ਲਗੇ ਪਲੀਤਾ ਸੂਰ ਸਭ ਭ੍ਰਮੇ ਗਗਨ ਕੇ ਮਾਹਿ ॥
lage paleetaa soor sabh bhrame gagan ke maeh |

Alle krijgers begonnen zich in de lucht te bewegen (dwz vlogen naar de lucht) op het vuur.

ਉਡਿ ਉਡਿ ਪਰੈ ਸਮੁੰਦ੍ਰ ਮੈ ਬਚ੍ਯੋ ਏਕਊ ਨਾਹਿ ॥੨੧॥
audd udd parai samundr mai bachayo ekaoo naeh |21|

En zal vliegen en in de zee vallen. Er bleef zelfs niet één (van hen) over. 21.

ਇਹ ਚਰਿਤ੍ਰ ਇਨ ਚੰਚਲਾ ਲੀਨੋ ਦੇਸ ਬਚਾਇ ॥
eih charitr in chanchalaa leeno des bachaae |

Met dit karakter redde de vrouw haar land

ਜੈਨ ਖਾਨ ਸੂਰਨ ਸਹਿਤ ਇਹ ਬਿਧਿ ਦਯੋ ਉਡਾਇ ॥੨੨॥
jain khaan sooran sahit ih bidh dayo uddaae |22|

Jain Khan werd op deze manier samen met de krijgers weggeblazen. 22.

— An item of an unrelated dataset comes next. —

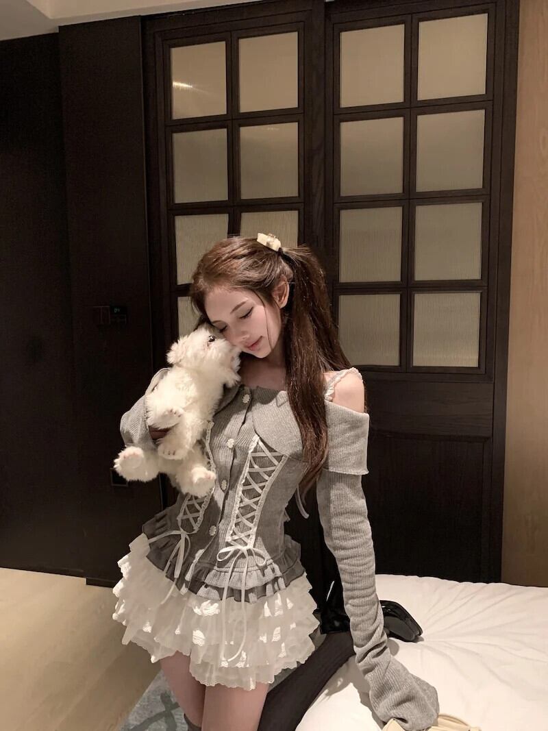 スイートガールスーツ レディース 春夏 スリム オフショルダー ホルターネック トップ Aライン ショートスカート 2点セット 大人ガーリー スウィート キュート カジュアル スプリング 春物 サマー 夏物
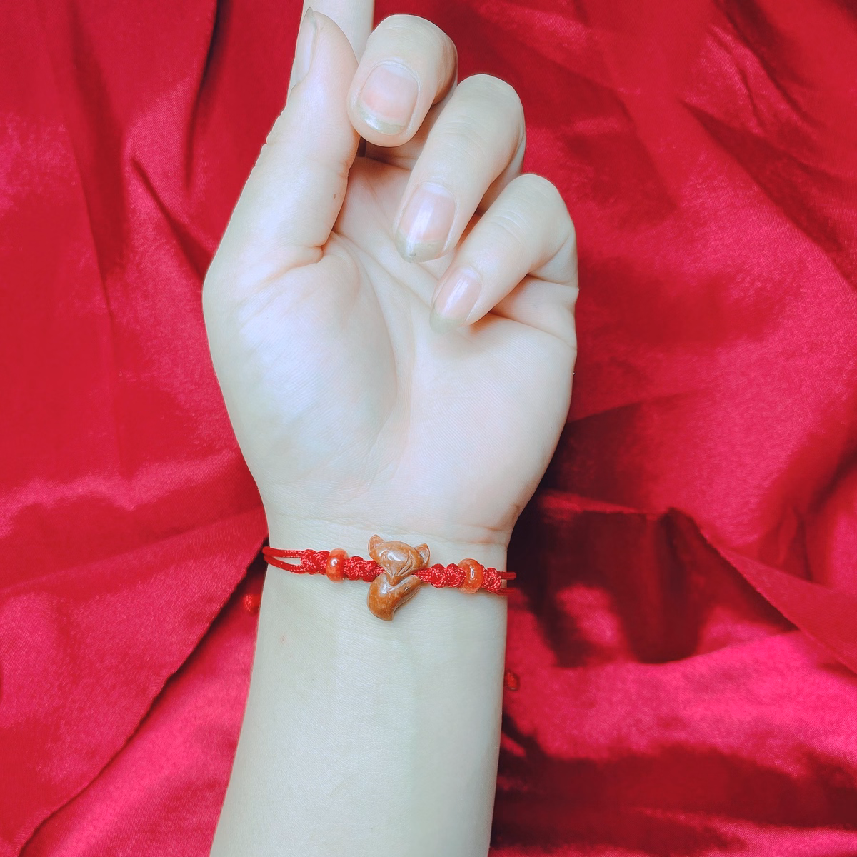 Tên sản phẩm: vòng tay hồ ly ngọc cẩm thạch huyết tết dây song điếu – thắng giang

ਇਤਿ ਸ੍ਰੀ ਚਰਿਤ੍ਰ ਪਖ੍ਯਾਨੇ ਤ੍ਰਿਯਾ ਚਰਿਤ੍ਰੇ ਮੰਤ੍ਰੀ ਭੂਪ ਸੰਬਾਦੇ ਦੋਇ ਸੌ ਸਾਤ ਚਰਿਤ੍ਰ ਸਮਾਪਤਮ ਸਤੁ ਸੁਭਮ ਸਤੁ ॥੨੦੭॥੩੯੧੮॥ਅਫਜੂੰ॥
eit sree charitr pakhayaane triyaa charitre mantree bhoop sanbaade doe sau saat charitr samaapatam sat subham sat |207|3918|afajoon|

Hier eindigt het 207e hoofdstuk van Mantri Bhup Samvad van Tria Charitra van Sri Charitropakhyan, alles is veelbelovend. 207,3918. gaat door

ਦੋਹਰਾ ॥
doharaa |

dubbel:

ਏਕ ਰਾਵ ਕੀ ਪੁਤ੍ਰਿਕਾ ਅਟਪਲ ਦੇਵੀ ਨਾਮ ॥
ek raav kee putrikaa attapal devee naam |

De naam van een koningsdochter was Atpal Devi.